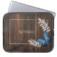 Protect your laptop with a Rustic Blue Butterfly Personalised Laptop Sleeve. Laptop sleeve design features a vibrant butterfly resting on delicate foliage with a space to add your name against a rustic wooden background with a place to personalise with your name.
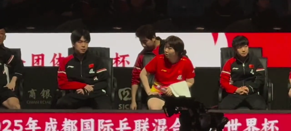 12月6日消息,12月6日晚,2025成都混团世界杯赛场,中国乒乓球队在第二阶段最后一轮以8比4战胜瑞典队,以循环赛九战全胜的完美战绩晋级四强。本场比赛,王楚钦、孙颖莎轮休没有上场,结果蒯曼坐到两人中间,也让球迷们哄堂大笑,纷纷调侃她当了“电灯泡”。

--

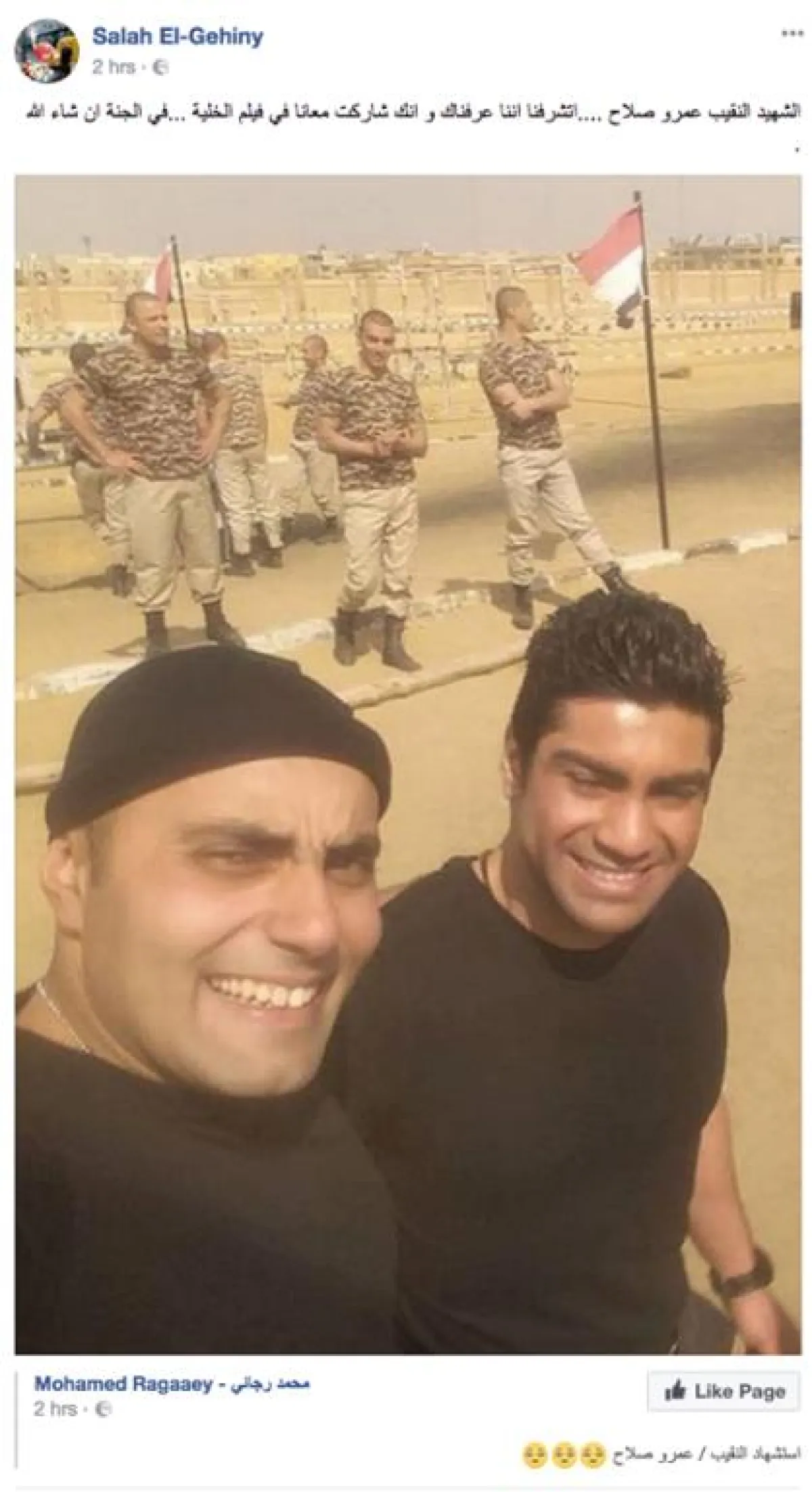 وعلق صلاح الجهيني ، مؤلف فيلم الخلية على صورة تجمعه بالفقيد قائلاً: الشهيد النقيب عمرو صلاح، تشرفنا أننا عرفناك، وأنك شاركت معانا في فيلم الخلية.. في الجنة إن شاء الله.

---

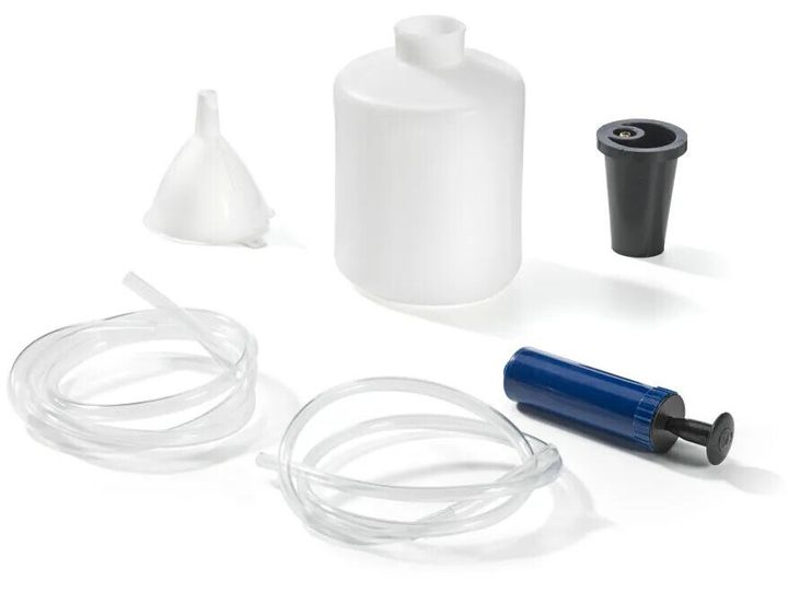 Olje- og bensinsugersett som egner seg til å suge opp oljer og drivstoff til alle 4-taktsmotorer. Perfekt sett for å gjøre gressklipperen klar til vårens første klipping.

→ **ACTION ITEM**: Within the listing above, copy exactly the lines that start at the one with "Protect your laptop" and continue through the one with "12月6日消息,12月6日晚". Omit pictures.

→ **EXERCISE RESULT**:
 Protect your laptop with a Rustic Blue Butterfly Personalised Laptop Sleeve. Laptop sleeve design features a vibrant butterfly resting on delicate foliage with a space to add your name against a rustic wooden background with a place to personalise with your name.
 12月6日消息,12月6日晚,2025成都混团世界杯赛场,中国乒乓球队在第二阶段最后一轮以8比4战胜瑞典队,以循环赛九战全胜的完美战绩晋级四强。本场比赛,王楚钦、孙颖莎轮休没有上场,结果蒯曼坐到两人中间,也让球迷们哄堂大笑,纷纷调侃她当了“电灯泡”。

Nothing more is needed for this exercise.